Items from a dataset
== Segment start ==
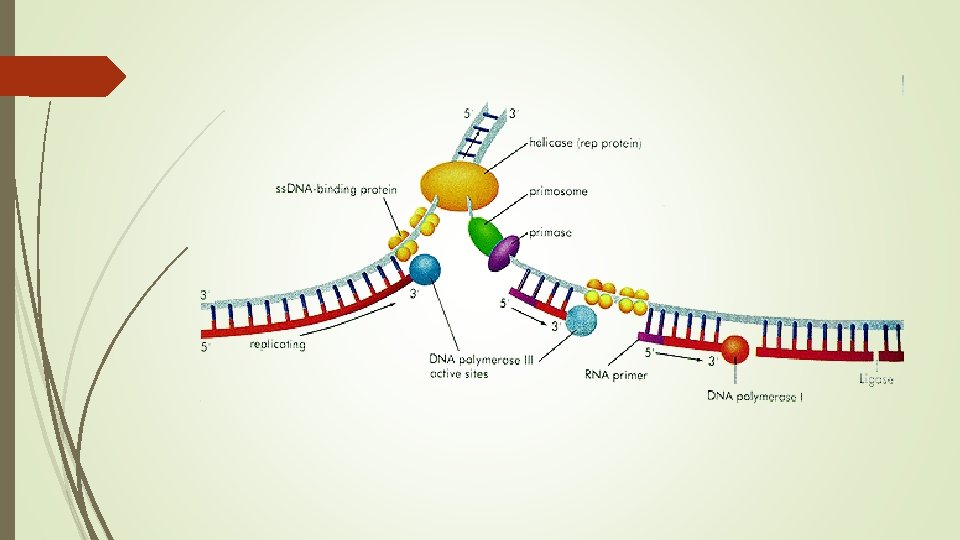 DNA primase A Primase se liga ao DNA e sintetiza um primer de RNA, com aproximada/ 11 bases; fornece 3’ OH Molde de DNA Quando o primer está completo, a DNA polimerase III se liga e sintetiza o novo DNA polimerase III Primer de RNA Primase é liberada Primer de RNA Novo DNA
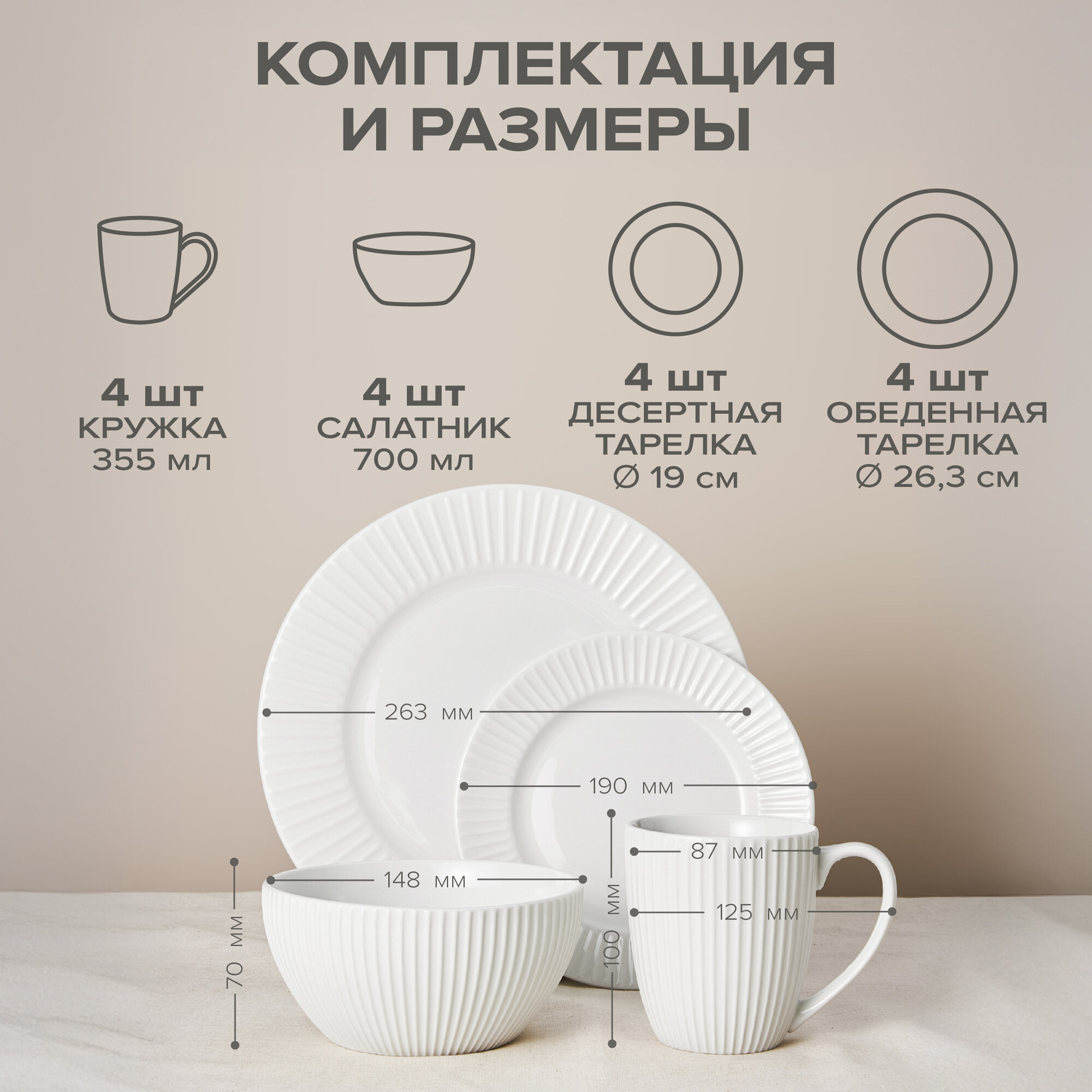 | Комплектация | Тарелка обеденная - 4 шт. Тарелка десертная - 4 шт. Салатник - 4 шт. Чашка - 4 шт. |
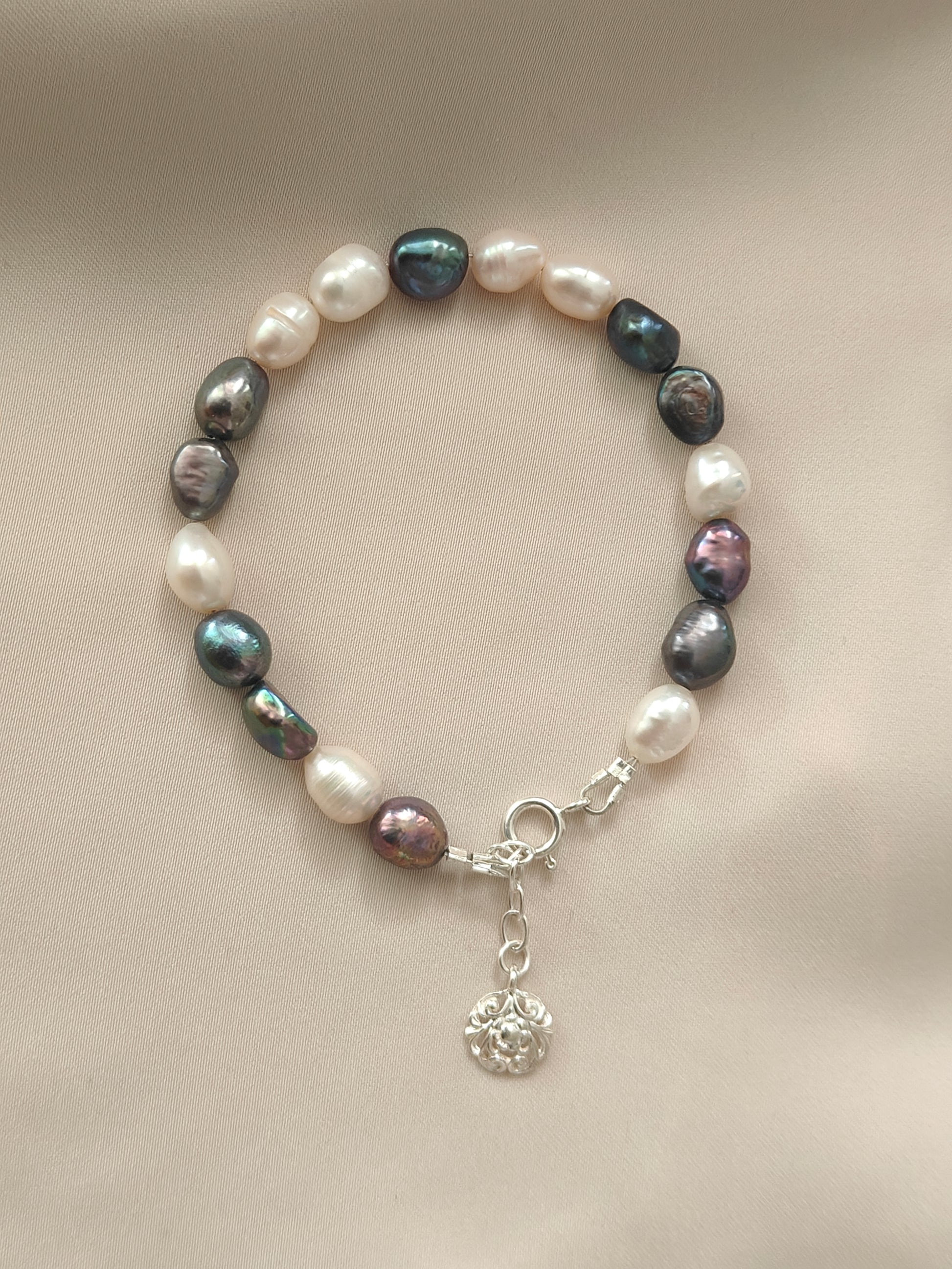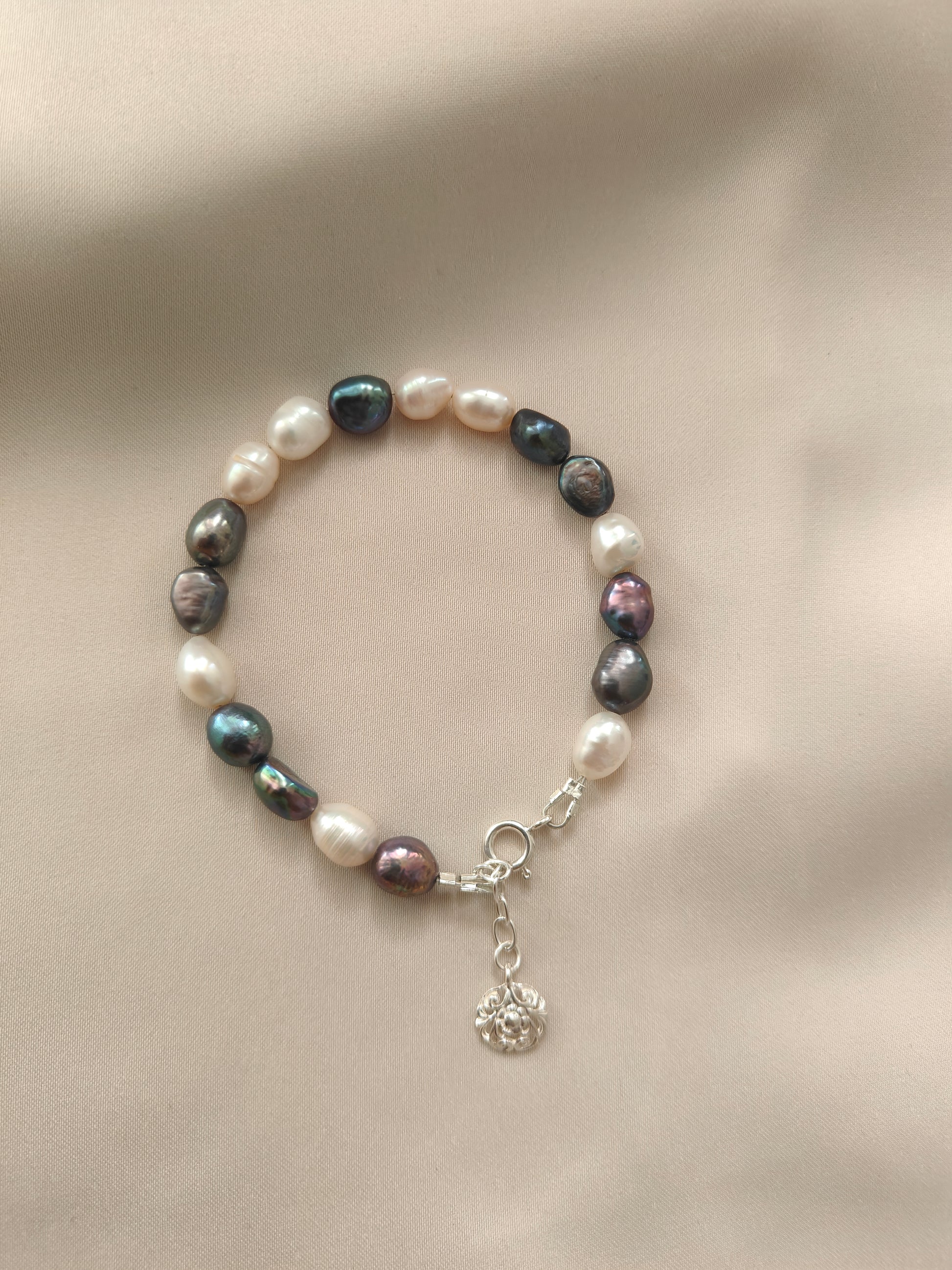 BRPFW001 White and peacock pearl bracelet with filigree charm in sterling silver
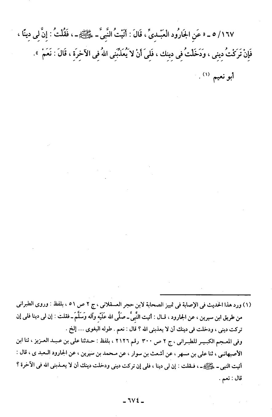 167/ 5 - " عَنِ الجَارُود الْعَبْدِىِّ، قَالَ: أتَيْتُ النَّبِىَّ - صلى الله عليه وسلم -، فَقُلْتُ: إِنَّ لِى دِينًا، فَإِنْ تَرَكْتُ دِينِى، وَدَخَلْتُ فِى دِينِك، فَلِىَ أَنْ لاَ يُعَذِّبَنِى الله فِى الآخِرَةِ، قَالَ: نَعَمْ ".
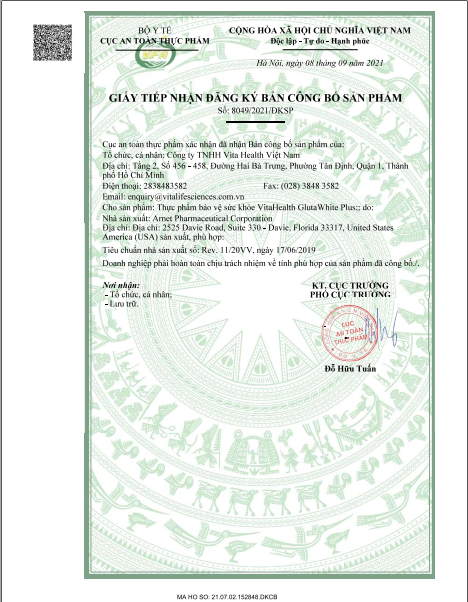 Viên uống trắng da, ngăn lão hóa VitaHealth Gluta White Plus là thực phẩm bảo vệ sức khỏe, thuộc nhóm Hỗ trợ làm đẹp, được sản xuất tại Adh Health Producrs, Inc, USA. Sản phẩm được bào chế dưới dạng viên, dùng trực tiếp bằng đường uống, thích hợp sử dụng cho người có nhu cầu làm đẹp, người thường xuyên xúc động với các chất độc hại từ môi trường.
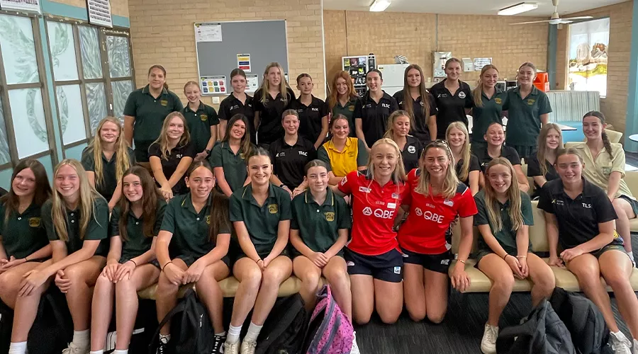 NSW Swifts stars Sharni Lambden and Tayla Fraser joined Netball NSW CEO Tracey Scott, Board Members, and senior executives for the two-day event, which included school visits, a community meet-and-greet, a Youth Ambassador leadership program, and the Beyond the Court development workshops.
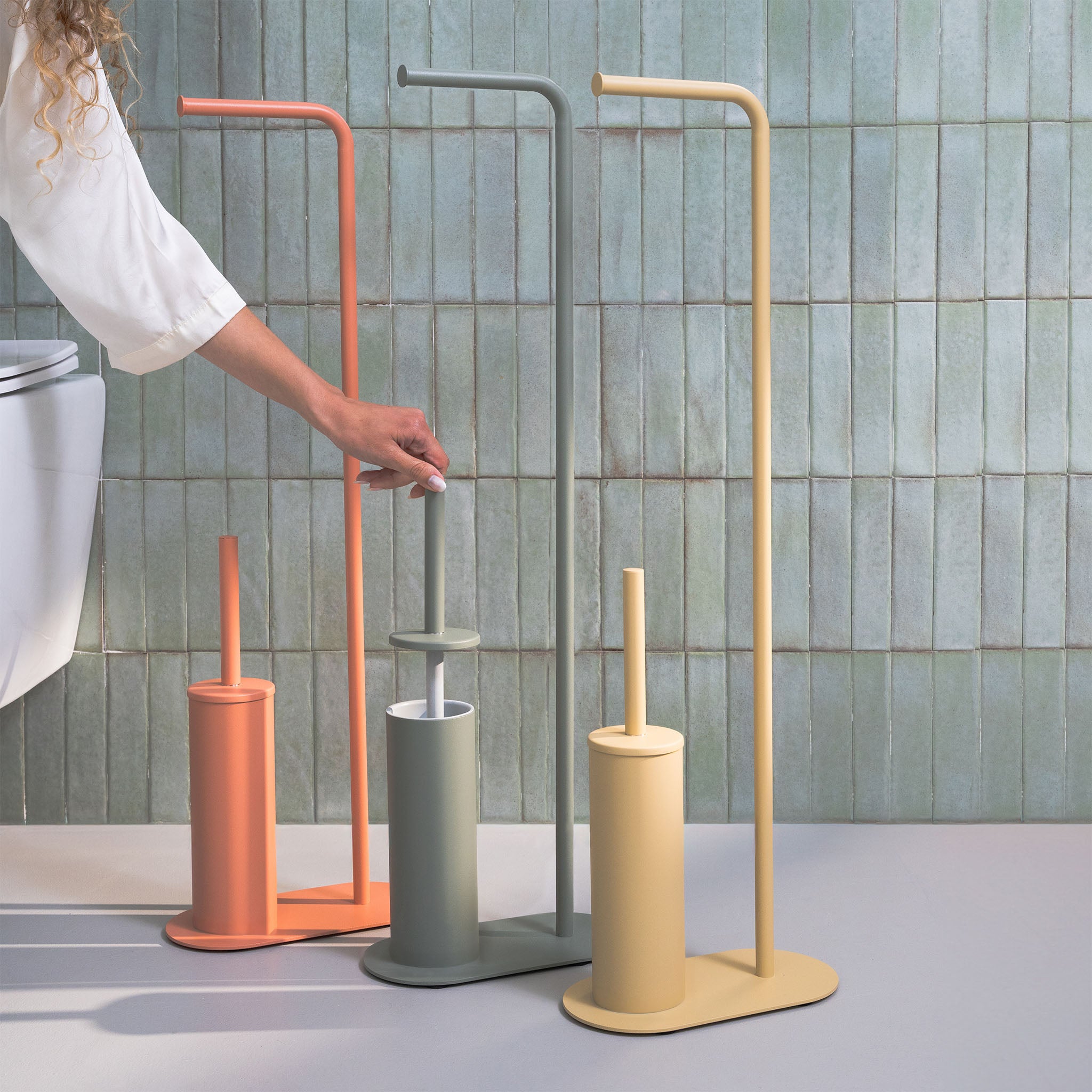 Segui una linea leggera che sale da terra e si fa supporto per il rotolo di carta igienica. Questa piantana dallo stile minimalista è adatta ad ogni stile di bagno. Comprende un porta scopino integrato, con spazzola, comodo e funzionale.
== Segment end ==
◆ **ASSIGNED TASK**:
Type out the entries again without a single change, and leave the pictures out.

◆ **REPLY TO THE TASK**:
 DNA primase A Primase se liga ao DNA e sintetiza um primer de RNA, com aproximada/ 11 bases; fornece 3’ OH Molde de DNA Quando o primer está completo, a DNA polimerase III se liga e sintetiza o novo DNA polimerase III Primer de RNA Primase é liberada Primer de RNA Novo DNA
 | Комплектация | Тарелка обеденная - 4 шт. Тарелка десертная - 4 шт. Салатник - 4 шт. Чашка - 4 шт. |
 BRPFW001 White and peacock pearl bracelet with filigree charm in sterling silver
 167/ 5 - " عَنِ الجَارُود الْعَبْدِىِّ، قَالَ: أتَيْتُ النَّبِىَّ - صلى الله عليه وسلم -، فَقُلْتُ: إِنَّ لِى دِينًا، فَإِنْ تَرَكْتُ دِينِى، وَدَخَلْتُ فِى دِينِك، فَلِىَ أَنْ لاَ يُعَذِّبَنِى الله فِى الآخِرَةِ، قَالَ: نَعَمْ ".
 Viên uống trắng da, ngăn lão hóa VitaHealth Gluta White Plus là thực phẩm bảo vệ sức khỏe, thuộc nhóm Hỗ trợ làm đẹp, được sản xuất tại Adh Health Producrs, Inc, USA. Sản phẩm được bào chế dưới dạng viên, dùng trực tiếp bằng đường uống, thích hợp sử dụng cho người có nhu cầu làm đẹp, người thường xuyên xúc động với các chất độc hại từ môi trường.
 NSW Swifts stars Sharni Lambden and Tayla Fraser joined Netball NSW CEO Tracey Scott, Board Members, and senior executives for the two-day event, which included school visits, a community meet-and-greet, a Youth Ambassador leadership program, and the Beyond the Court development workshops.
 Segui una linea leggera che sale da terra e si fa supporto per il rotolo di carta igienica. Questa piantana dallo stile minimalista è adatta ad ogni stile di bagno. Comprende un porta scopino integrato, con spazzola, comodo e funzionale.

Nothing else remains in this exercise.